Higher mature diet adherence was associated with increased Shannon (but not Simpson) diversity and richness (Chao1) at baseline (rho = 0.3989, p < 0.05; rho = 0.3952, p < 0.05; rho = 0.4968, p < 0.01, respectively; n = 35 with available microbiome data, Figure 3G–I). Higher vegetarian diet adherence was associated with increased microbial Simpson diversity and increased Shannon diversity (rho = 0.3583, p < 0.05; rho = 0.3323, p = 0.0508, respectively; n = 35), but was not significantly associated with richness (Chao1, rho = 1347, p > 0.05, n = 35, Figure 3J–L). rMED scores were positively associated with Simpson and Shannon diversity as well as microbial richness (Chao1) at baseline (rho = 0.3302, p < 0.05; rho = 0.4454, p < 0.01, n = 36; rho = 0.5218, p < 0.01, respectively; n = 36, Figure 3M–O).

Higher mature diet adherence was also associated with increased Simpson diversity, trending Shannon diversity, and richness (Chao1) at six months (rho = 0.4675, p < 0.05; rho = 0.4234, p = 0.0559; rho = 0.3891, p = 0.0813, respectively, Figure 4A–C). Pre-packaged diet adherence was inversely associated with Shannon diversity (but not Simpson) and richness at six months (rho = 0.3984, p < 0.05; rho = 0.5059, p < 0.01, respectively, Figure 4D–F). Meat diet adherence was not associated with any significant differences in microbial diversity.

Figure 4.

Figure 4

Pre-diagnosis diet is associated with microbial diversity at 6 months. (AC): Increased mature diet adherence was associated with increased Simpson diversity, increased Shannon diversity, and an increase in richness at 6 months (rho = 0.4234, p = 0.0559, n = 24; rho = 0.4675, p < 0.05, n = 24; rho = 0.3891, p = 0.0813, n = 24). (DF): Pre-packaged diet adherence was not associated with Simpson diversity at 6 months (rho = −0.2945, p > 0.05) but was inversely associated with Shannon diversity and richness at 6 months (rho = 0.3984, p < 0.05, n = 23; rho = 0.5059, p < 0.01, n = 23).

3.5. Lower Baseline Microbial Diversity Was Associated with Earlier Disease Flare

There were no significant differences in baseline microbiota patterns or diversity/richness scores in patients that failed EEN compared to responders (loss or lack of response; failures n = 4, responders n = 27; the five patients who started anti-TNF therapy concomitant with EEN were not included). Among those who responded to EEN (n = 27 with baseline stool available), lower Simpson and Shannon microbial diversity at baseline was associated with earlier disease flare (HR:0.00044, p < 0.05, 95%CI 0–0.819; HR = 0.403, p = 0.05, 95%CI 0.162–1.002, Figure 5). Richness (Chao1) was not associated with disease flare. For graphical purposes, tertiles of microbial diversity are shown in Figure 5; continuous diversity was used for analyses.

Figure 5.

Figure 5

Lower baseline microbial diversity is associated with decreased time to disease flare. A lower Simpson diversity at baseline was associated with decreased time until disease flare requiring GCS; tertiles are shown for illustrative purposes; n = 29, with three disease flares. Tertile 1 = lowest diversity, tertile 3 = highest.

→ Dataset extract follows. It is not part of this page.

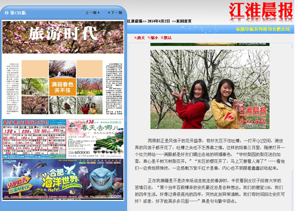 4月2日,《江淮晨报》特辟出 “校园春色”主题,集中介绍了省内高校校园的春季美景,入选高校为中国科学技术大学、安徽大学、安徽农业大学和beat365官网。beat365官网图片采用图最多,并且放在第一位予以介绍。
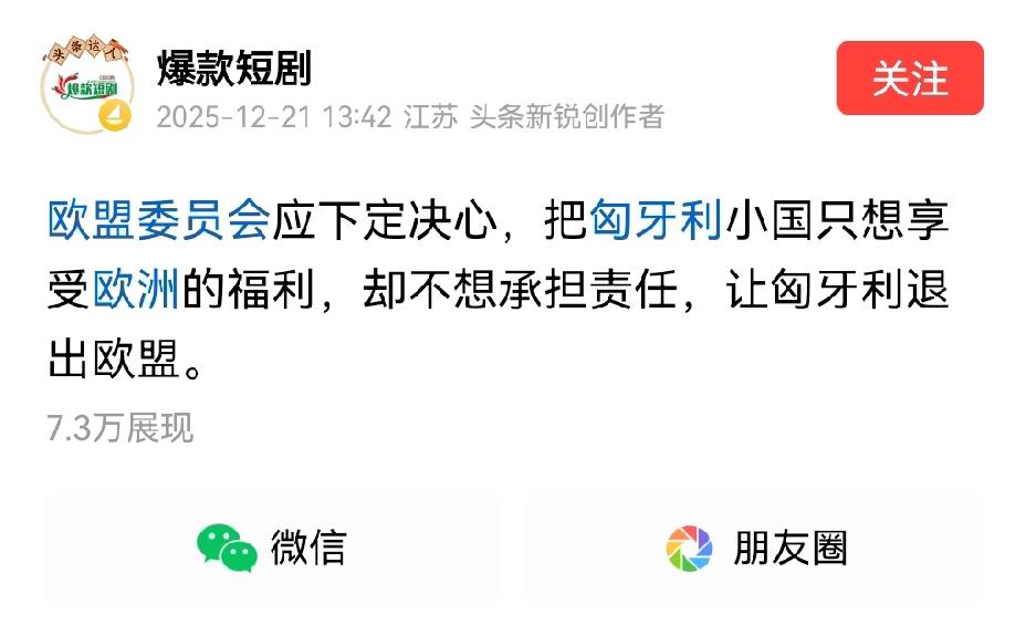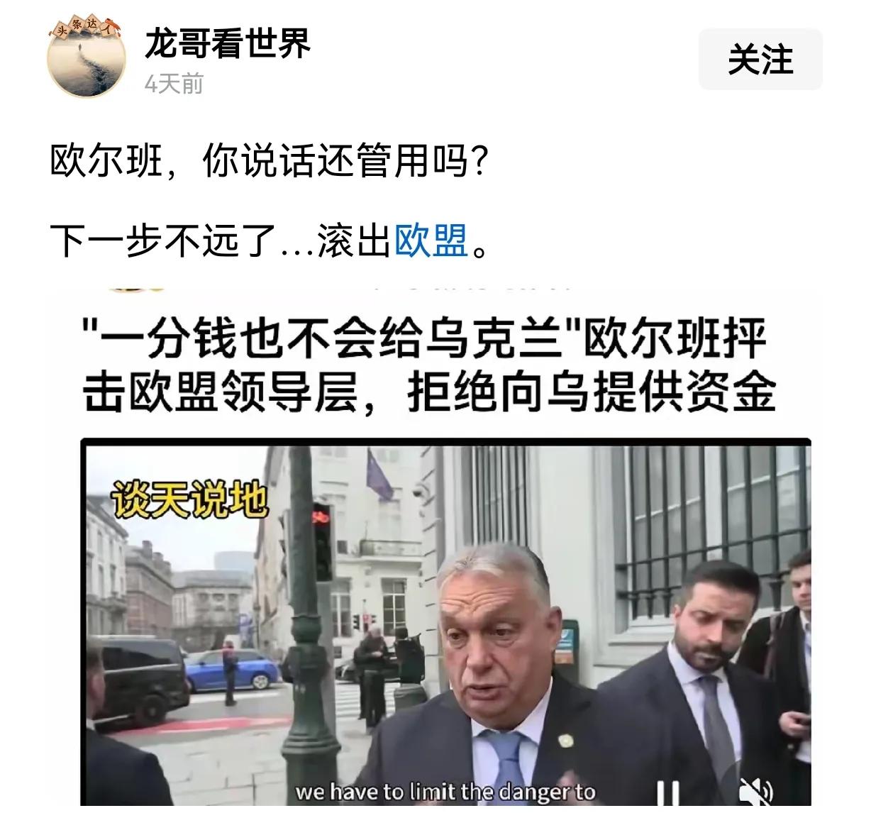 知道欧盟一致性原则吗?你这建议被匈牙利一票否决。欧盟各国都有权利表达自己的立场,包括对外交往,你支持欧盟搞独裁?匈牙利以前就是乌克兰的角色,替欧洲挡了土耳其百多年,得到了什么,人家心里清楚的很。匈牙利将来会不会独善其身很不好说,但有一点很清楚,欧洲与俄罗斯的关系只会越来越紧张,不经过战争这种关系缓和不了。

3.6. Additional Sex-Specific Findings

We identified several sex-specific correlations between diet, microbes, and clinical outcomes. Adherence to diet patterns (Figure S5A,B) was significantly different: males showed a higher adherence to the mature diet (median −0.13, IQR 1.38; females median −0.15, IQR 1.06; p < 0.05) with higher rMED scores (males median 17, IQR 14.5–19; females median 15, IQR 13–18; p = 0.068). Females had a significantly higher PGA (disease severity) at baseline (p < 0.05, Figure S6A). There was no significant difference in PGA at six months between males and females (Figure S6B). Baseline SES-CD score and FCP showed sex-specific correlations with dietary patterns (Figure 2E), and as described above—increased adherence to the meat dietary pattern was associated with lack of clinical response to EEN only in males (p < 0.05, Figure 2E). Additionally, only among males was higher pre-packaged diet pattern adherence associated with delayed disease flare (p < 0.05, Figure 2G). In females, significant differences in diet were associated with disease location: mature diet adherence was higher for Paris L1 (median 0.23, IQR 1.42; Paris L2/L3 0.036, IQR 1.22, p < 0.01), and pre-packaged diet adherence was lower for Paris L1 (median −0.11, IQR 0.89; Paris L2/L3 −0.037, IQR 0.57, p < 0.01, Figure S5C,D).

4. Discussion

Prospective data and stool samples collected from children newly diagnosed with CD who received EEN as primary induction therapy allowed us to investigate if pre-diagnosis dietary patterns could predict EEN treatment response and outcomes over 18 months of follow-up. In addition, we assessed for variations in intestinal microbes with diet and treatment response. We found that pre-diagnosis diet was indeed associated with some important clinical outcomes, including response to EEN, disease flare, and a need for therapy escalation to anti-TNF. As summarized in Figure 6, we also identified diet–microbial diversity and microbial diversity–treatment/outcome associations, suggesting that gut microbiota (as established by diet) may indeed mediate responses to EEN.

Figure 6.

Figure 6

Linking pre-diagnosis diet to treatment outcomes through fecal microbiota. Our study revealed multiple links between pre-diagnosis diet, microbes, and patient outcomes, which are summarized in this figure. Mature and vegetarian diets and rMED score were positively associated with baseline microbial diversity, while pre-packaged diet was negatively associated with six-month diversity. Increased baseline diversity was associated with prolonged survival until disease flare. A decreased pre-packaged diet adherence and increased meat diet adherence were associated with decreased time until disease flare and lack of EEN response, respectively. Finally, increased rMED score was associated with a worse six-month PGA and a decreased likelihood for PGA improvement from baseline.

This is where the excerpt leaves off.